ACTIVITY:
Return the whole listing unchanged. Drop the images.

DATA EXCERPT:
##########
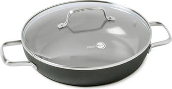 Make every day easy with the Chatham 11" everyday pan featuring a lid and helper handle. Chatham features GreenPan’s Thermolon healthy ceramic nonstick coating, which is reinforced with diamonds for incredible durability. It’s even metal utensil safe. From roasted chicken to crispy veggies, this 11" everyday pan makes any dish easy. GreenPan’s Thermolon healthy ceramic nonstick coating is free of PFAS, PFOA, lead, and cadmium, so it will never release toxic fumes, even if it’s accidentally overheated. Metal utensil safe, this collection's diamond-reinforced coating is incredibly durable. Tough hard anodized bodies are scratch-resistant and designed to stand up to daily demands. Oven and broiler safe up to 600°F. Dishwasher safe for easy cleanup. Durable glass lid for easy food monitoring, oven safe up to 425°F. Matte stainless steel handles feature a riveted, ergonomic design for a secure and comfortable grip. Suitable for all stovetops except induction. Limited lifetime warranty.
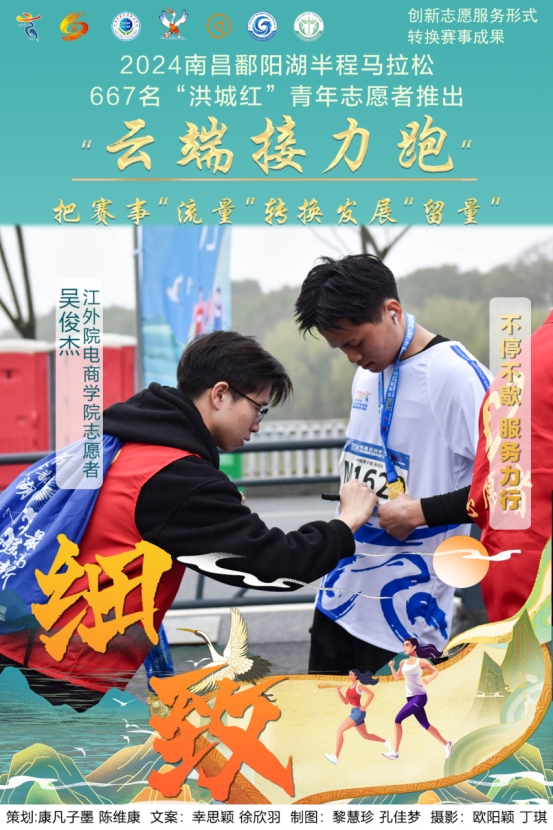 3月17日,2024南昌鄱阳湖半程马拉松在鲤鱼洲举行。南昌高新区团工委面向江西外语外贸职业学院电子商务学院、工商学院(旅游学院)定向招募“洪城红”青年志愿者,共吸引3657名青年学生报名,经过综合素质面试、志愿服务履历筛选、心理素质测试和志愿服务技能测试,按照赛事志愿者选拔要求,选拔出667名南昌高新区“洪城红”青年志愿者队伍。
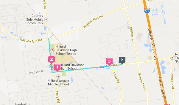 We’ll kick off at Norwich Elementary School in Hilliard at 8:30am on Thanksgiving morning. You can park and leave your car there. From Norwich, we’ll go west on Davidson to Avery, make a right, go down Avery about 1/2 mile and then loop back. The sidewalk along Davidson and Avery is double wide so there is plenty of room. Here’s a course map:
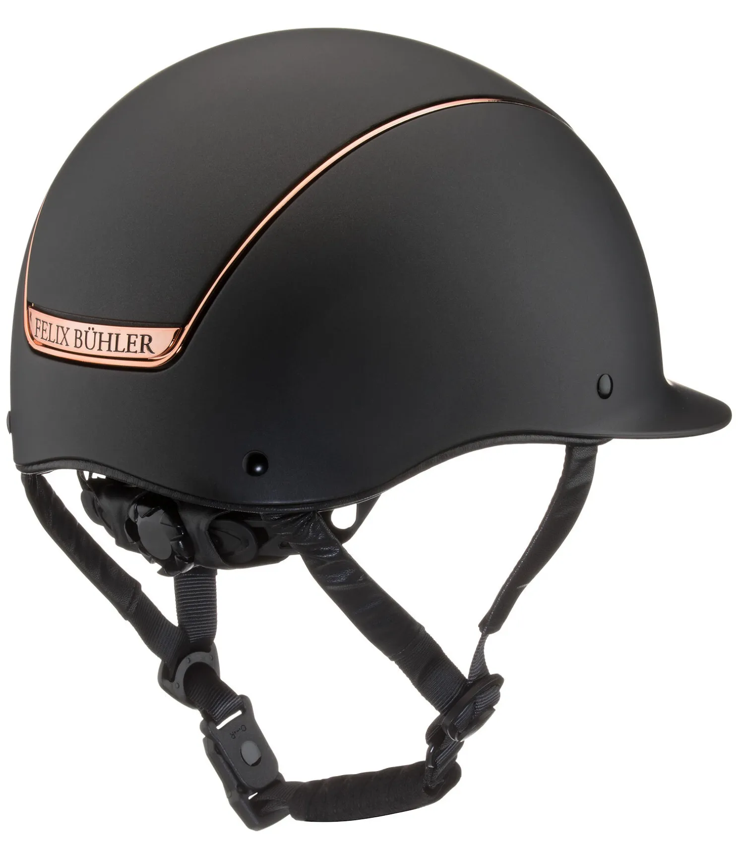 Avec ses nombreuses innovations, ce casque d’équitation Felix Bühler haut de gamme se distingue par sa légèreté et son design élégant. Pour garantir un niveau de sécurité maximal, ce casque est doté de la technologie Hardshell avec une coque extérieure résistante aux chocs. Les ouvertures à l’avant assurent une aération optimale sur l’ensemble de la tête grâce à des canaux de ventilation internes passant de l’avant à l’arrière du casque. La doublure intérieure absorbant l’humidité est amovible et lavable à 30°C. Le casque dispose d’une fermeture magnétique innovante pour une ouverture à une seule main, facile et rapide. Grâce à la fonction Easy-Lock/No-Unlock, l’aimant verrouille l’attache dès que la boucle est approchée du fermoir. L’ouverture accidentelle du fermoir en tirant ou en tournant la boucle est impossible. Celle-ci ne peut être déverrouillée qu’en appuyant fermement sur le bouton Unlock situé sur le côté. La molette à l’arrière du casque permet un ajustement à la circonférence de la tête précis au millimètre près. Les sangles recouvertes soulignent le design raffiné du casque et disposent de coussinets au niveau de la nuque et du menton pour garantir un confort de port optimal au cavalier. Ce casque d’équitation est certifié selon la norme EN1384:2023.
##########
ANSWER TO THE EXERCISE:
 Make every day easy with the Chatham 11" everyday pan featuring a lid and helper handle. Chatham features GreenPan’s Thermolon healthy ceramic nonstick coating, which is reinforced with diamonds for incredible durability. It’s even metal utensil safe. From roasted chicken to crispy veggies, this 11" everyday pan makes any dish easy. GreenPan’s Thermolon healthy ceramic nonstick coating is free of PFAS, PFOA, lead, and cadmium, so it will never release toxic fumes, even if it’s accidentally overheated. Metal utensil safe, this collection's diamond-reinforced coating is incredibly durable. Tough hard anodized bodies are scratch-resistant and designed to stand up to daily demands. Oven and broiler safe up to 600°F. Dishwasher safe for easy cleanup. Durable glass lid for easy food monitoring, oven safe up to 425°F. Matte stainless steel handles feature a riveted, ergonomic design for a secure and comfortable grip. Suitable for all stovetops except induction. Limited lifetime warranty.
 3月17日,2024南昌鄱阳湖半程马拉松在鲤鱼洲举行。南昌高新区团工委面向江西外语外贸职业学院电子商务学院、工商学院(旅游学院)定向招募“洪城红”青年志愿者,共吸引3657名青年学生报名,经过综合素质面试、志愿服务履历筛选、心理素质测试和志愿服务技能测试,按照赛事志愿者选拔要求,选拔出667名南昌高新区“洪城红”青年志愿者队伍。
 We’ll kick off at Norwich Elementary School in Hilliard at 8:30am on Thanksgiving morning. You can park and leave your car there. From Norwich, we’ll go west on Davidson to Avery, make a right, go down Avery about 1/2 mile and then loop back. The sidewalk along Davidson and Avery is double wide so there is plenty of room. Here’s a course map:
 Avec ses nombreuses innovations, ce casque d’équitation Felix Bühler haut de gamme se distingue par sa légèreté et son design élégant. Pour garantir un niveau de sécurité maximal, ce casque est doté de la technologie Hardshell avec une coque extérieure résistante aux chocs. Les ouvertures à l’avant assurent une aération optimale sur l’ensemble de la tête grâce à des canaux de ventilation internes passant de l’avant à l’arrière du casque. La doublure intérieure absorbant l’humidité est amovible et lavable à 30°C. Le casque dispose d’une fermeture magnétique innovante pour une ouverture à une seule main, facile et rapide. Grâce à la fonction Easy-Lock/No-Unlock, l’aimant verrouille l’attache dès que la boucle est approchée du fermoir. L’ouverture accidentelle du fermoir en tirant ou en tournant la boucle est impossible. Celle-ci ne peut être déverrouillée qu’en appuyant fermement sur le bouton Unlock situé sur le côté. La molette à l’arrière du casque permet un ajustement à la circonférence de la tête précis au millimètre près. Les sangles recouvertes soulignent le design raffiné du casque et disposent de coussinets au niveau de la nuque et du menton pour garantir un confort de port optimal au cavalier. Ce casque d’équitation est certifié selon la norme EN1384:2023.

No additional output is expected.